Untuk menyelamatkan Usaha Mikro, Kecil, dan Menengah (UMKM) lokal, Pemerintah Kabupaten Kulon Progo menginisiasi program yang dinamakan Toko Milik Rakyat (Tomira). Dengan tagline Bela Beli Kulon Progo, Pemkab Kulon Progo mengeluarkan Perda No 11 tahun 2011 yang mengatur perlindungan pasar tradisional serta penataan pusat perbelanjaan dan toko modern. "Konsekuensi Perda itu ialah, semua minimarket modern dengan jarak kurang dari 1.000 meter harus menentukan pilihan, yaitu tak diperpanjang izin, tutup, atau diambil alih oleh koperasi," ungkap Kepala Dinas Koperasi dan UMKM Kab Kulon Progo Sri Harmintarti, Sabtu (31/08) dikutip dari laman kemenpan.Â
Sekoci Ekonomi, Sebuah Solusi Kegelisahan
Beberapa waktu lalu, seorang Bambang Soepijanto melakukan anjangsana kepada masyarakat Kulonprogo.
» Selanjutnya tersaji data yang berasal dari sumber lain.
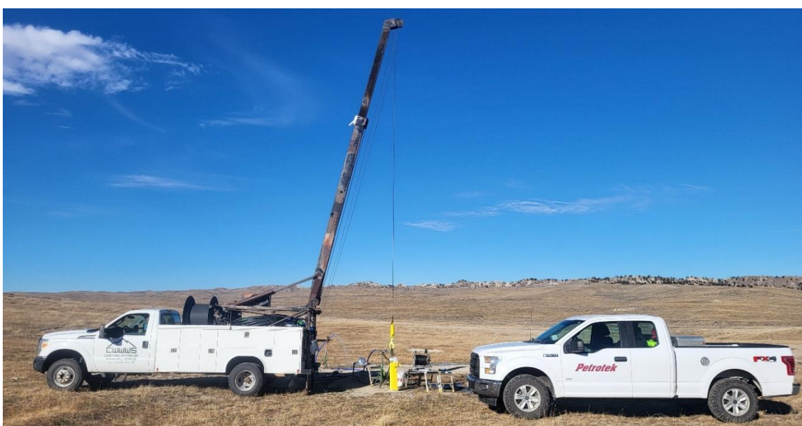
FIGURE 1: FIGURE 1: PETROTEK AND WYOMING WATER SERVICES CONDUCTING HYDROGEOLOGIC TESTING AT LO HERMA, POWDER RIVER BASIN, WYOMING

The testing progressed efficiently and successfully, with all wells demonstrating sustained flow rates with minimal aquifer drawdown for the full duration of the tests. These results present an important step in confirming aquifer transmissivity and supporting the project's ISR development pathway. The Company anticipates receiving Petrotek's comprehensive pump testing results and analysis before the end of the year.

Agenda saat itu adalah duduk bersama untuk sharing kegelisahan warga setempat untuk nantinya berorientasi solusi agar masyarakat kian berdaya.
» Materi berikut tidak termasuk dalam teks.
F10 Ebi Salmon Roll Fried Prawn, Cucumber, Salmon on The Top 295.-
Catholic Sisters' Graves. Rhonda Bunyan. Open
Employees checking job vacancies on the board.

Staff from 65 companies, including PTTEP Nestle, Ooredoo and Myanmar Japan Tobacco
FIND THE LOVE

"Kumpul bersama warga memang selalu gayeng. Saya mengunjungi Kulonprogo untuk membahas prospek mengenai desa wisata. Pengelolaan fisik dan manajemen dalam bentuk UMKM sama-sama penting dalam mewujudkan desa wisata yang menyejahterakan. Mari bangun desa kita!", demikian caption yang beliau sematkan dalam videoblog kala diunggah dalam laman youtube miliknya.
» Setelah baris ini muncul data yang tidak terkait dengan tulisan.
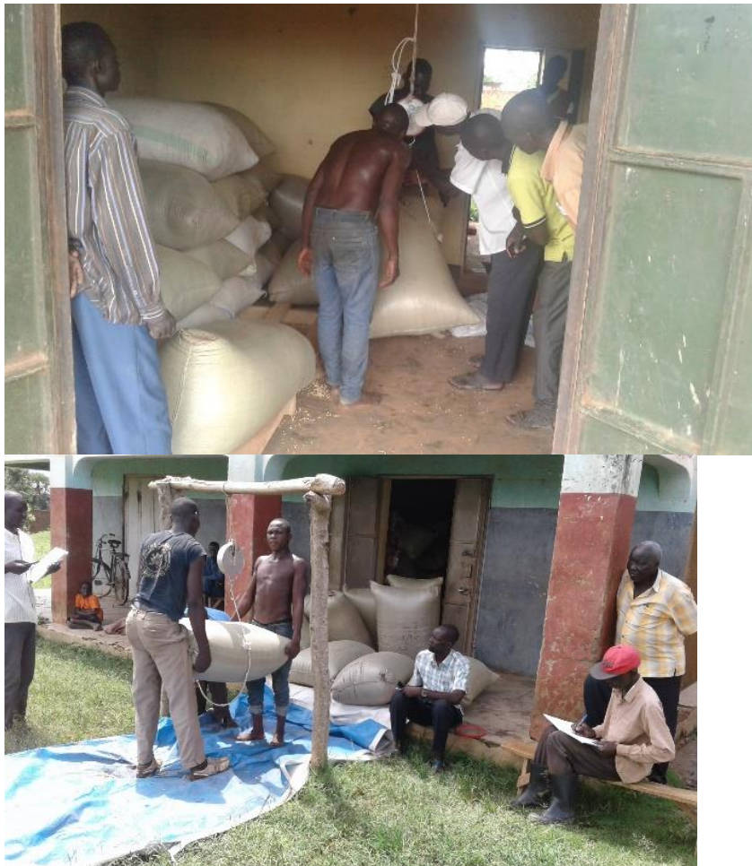
Small-scale farmers in Amolatar district selling their bulked produce at one of the community storage facilities

Menurut Bambang Soepijanto, analogi sekoci ini berarti perahu-perahu kecil yang nantinya mampu untuk menyelamatkan 'perahu UMKM' milik masyarakat. Pada pelaksanaannya menyoal usaha mina atau perikanan milik warga perlu adanya usaha-usaha integratif. Mulai dari pembibitan, menjaga kualitas hasil panenan, sekaligus kesemuanya dibungkus secara cantik dalam tajuk desa wisata. Ketika diseminasi atau pembagian tanggung jawab serta rencana kerja tersebut berjalan lancar menurut beliau akan berlansung sebuah ekosistem sehat antara jual beli komoditas dalam UMKM masyarakat Kulonprogo. Demikian Bambang Soepijanto dalam menjawab kekhawatiran warga akan keberlangsungan UMKM dibidang mina atau perikanan.